§ MATERIAL FOR THIS TASK:
-*-
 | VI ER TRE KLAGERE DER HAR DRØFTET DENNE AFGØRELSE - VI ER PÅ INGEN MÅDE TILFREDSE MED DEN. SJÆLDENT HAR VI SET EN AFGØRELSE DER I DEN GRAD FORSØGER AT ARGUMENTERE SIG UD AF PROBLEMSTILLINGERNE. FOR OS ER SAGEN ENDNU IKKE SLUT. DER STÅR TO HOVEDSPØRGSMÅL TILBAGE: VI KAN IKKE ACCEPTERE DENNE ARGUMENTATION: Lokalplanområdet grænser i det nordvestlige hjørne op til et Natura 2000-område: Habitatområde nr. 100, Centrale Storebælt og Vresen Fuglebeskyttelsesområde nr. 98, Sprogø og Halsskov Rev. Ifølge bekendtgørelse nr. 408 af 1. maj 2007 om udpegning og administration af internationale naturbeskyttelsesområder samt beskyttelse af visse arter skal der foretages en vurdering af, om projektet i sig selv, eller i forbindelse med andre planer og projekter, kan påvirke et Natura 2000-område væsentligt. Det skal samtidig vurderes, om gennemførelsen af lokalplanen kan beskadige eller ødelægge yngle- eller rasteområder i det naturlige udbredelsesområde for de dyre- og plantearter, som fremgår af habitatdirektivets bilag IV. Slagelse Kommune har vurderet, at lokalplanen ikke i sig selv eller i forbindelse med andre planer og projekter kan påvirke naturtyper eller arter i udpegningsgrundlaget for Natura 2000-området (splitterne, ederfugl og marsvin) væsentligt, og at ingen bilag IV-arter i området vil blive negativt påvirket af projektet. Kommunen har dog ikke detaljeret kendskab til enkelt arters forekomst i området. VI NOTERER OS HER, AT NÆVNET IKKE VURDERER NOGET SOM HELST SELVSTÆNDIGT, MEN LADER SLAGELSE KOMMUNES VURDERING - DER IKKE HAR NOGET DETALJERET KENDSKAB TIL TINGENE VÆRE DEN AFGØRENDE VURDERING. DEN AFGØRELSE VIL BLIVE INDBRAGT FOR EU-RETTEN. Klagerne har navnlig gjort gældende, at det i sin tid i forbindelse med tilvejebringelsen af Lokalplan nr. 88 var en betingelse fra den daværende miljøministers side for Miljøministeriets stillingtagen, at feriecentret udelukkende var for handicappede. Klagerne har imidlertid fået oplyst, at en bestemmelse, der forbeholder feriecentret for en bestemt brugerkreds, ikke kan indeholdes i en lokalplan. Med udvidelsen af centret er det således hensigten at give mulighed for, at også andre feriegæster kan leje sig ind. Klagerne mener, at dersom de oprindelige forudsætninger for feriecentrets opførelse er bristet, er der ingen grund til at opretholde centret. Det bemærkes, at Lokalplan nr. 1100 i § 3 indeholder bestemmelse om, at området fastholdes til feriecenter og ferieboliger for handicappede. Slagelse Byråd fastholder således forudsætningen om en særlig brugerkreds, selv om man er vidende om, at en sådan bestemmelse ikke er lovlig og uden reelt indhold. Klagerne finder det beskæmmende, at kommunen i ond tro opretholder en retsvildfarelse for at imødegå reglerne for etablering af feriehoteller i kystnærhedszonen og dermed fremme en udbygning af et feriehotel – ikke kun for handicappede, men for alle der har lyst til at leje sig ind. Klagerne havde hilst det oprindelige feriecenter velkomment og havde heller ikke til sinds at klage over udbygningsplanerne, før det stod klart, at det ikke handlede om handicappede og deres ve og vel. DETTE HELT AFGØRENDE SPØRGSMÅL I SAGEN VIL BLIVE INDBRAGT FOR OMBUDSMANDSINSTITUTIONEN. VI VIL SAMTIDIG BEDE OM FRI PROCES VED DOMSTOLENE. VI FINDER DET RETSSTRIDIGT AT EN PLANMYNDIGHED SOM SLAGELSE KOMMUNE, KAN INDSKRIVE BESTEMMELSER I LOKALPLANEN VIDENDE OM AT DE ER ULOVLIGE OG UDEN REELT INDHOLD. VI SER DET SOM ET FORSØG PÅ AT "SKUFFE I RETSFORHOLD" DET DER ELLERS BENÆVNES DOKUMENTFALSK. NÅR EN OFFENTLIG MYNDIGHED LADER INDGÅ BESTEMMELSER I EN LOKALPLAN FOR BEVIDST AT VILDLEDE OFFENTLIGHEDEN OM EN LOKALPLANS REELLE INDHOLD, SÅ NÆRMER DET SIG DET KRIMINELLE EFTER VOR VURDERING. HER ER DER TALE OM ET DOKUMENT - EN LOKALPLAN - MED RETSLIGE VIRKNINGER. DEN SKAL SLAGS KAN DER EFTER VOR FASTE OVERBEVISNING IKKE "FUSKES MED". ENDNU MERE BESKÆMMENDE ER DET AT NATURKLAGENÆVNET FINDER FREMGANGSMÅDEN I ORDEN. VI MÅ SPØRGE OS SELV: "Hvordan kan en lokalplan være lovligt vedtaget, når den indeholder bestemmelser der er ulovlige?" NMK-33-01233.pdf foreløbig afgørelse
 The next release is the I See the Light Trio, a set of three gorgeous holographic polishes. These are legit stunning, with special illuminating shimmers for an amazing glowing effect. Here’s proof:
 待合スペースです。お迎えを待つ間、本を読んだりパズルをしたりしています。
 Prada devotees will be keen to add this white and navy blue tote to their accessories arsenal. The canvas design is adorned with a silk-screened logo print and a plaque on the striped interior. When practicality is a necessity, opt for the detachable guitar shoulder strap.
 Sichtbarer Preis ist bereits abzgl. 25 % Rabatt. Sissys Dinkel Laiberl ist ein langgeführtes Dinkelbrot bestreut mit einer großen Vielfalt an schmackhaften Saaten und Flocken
-*-
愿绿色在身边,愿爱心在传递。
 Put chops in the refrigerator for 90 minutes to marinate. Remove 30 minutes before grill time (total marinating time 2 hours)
-*-
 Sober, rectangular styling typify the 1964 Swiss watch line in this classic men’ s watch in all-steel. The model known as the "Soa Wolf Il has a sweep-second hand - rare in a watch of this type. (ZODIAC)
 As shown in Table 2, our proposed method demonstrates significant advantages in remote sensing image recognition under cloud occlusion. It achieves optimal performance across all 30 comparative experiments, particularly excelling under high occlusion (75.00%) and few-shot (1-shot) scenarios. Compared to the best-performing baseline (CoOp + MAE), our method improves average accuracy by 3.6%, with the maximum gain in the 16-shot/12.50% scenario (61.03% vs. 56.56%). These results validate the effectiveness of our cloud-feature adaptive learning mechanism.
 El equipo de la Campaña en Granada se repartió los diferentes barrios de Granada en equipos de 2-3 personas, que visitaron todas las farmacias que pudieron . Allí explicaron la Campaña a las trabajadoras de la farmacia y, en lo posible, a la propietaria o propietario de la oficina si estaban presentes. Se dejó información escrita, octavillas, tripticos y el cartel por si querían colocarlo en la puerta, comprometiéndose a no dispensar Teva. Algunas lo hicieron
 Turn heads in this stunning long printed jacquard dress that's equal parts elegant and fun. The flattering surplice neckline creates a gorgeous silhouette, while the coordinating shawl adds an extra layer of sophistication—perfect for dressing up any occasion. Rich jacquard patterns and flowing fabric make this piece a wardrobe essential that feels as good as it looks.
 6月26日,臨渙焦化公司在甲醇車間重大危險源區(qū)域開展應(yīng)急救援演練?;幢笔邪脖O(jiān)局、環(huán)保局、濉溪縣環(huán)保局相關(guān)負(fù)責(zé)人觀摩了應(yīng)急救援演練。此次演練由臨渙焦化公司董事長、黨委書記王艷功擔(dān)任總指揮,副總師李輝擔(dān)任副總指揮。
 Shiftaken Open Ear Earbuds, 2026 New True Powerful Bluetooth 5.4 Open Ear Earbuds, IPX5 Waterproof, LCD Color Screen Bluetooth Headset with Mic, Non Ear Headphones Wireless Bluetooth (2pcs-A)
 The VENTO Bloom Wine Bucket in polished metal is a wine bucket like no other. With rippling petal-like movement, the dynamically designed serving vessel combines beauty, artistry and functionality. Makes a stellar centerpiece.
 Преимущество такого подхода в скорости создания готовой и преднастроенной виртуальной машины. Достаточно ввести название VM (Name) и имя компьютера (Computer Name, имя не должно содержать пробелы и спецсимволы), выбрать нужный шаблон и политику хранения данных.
-*-
§ PROMPT: Work out how many lines of the material contain the word "stunning" and answer with that number only.

§ TASK RESULT: 2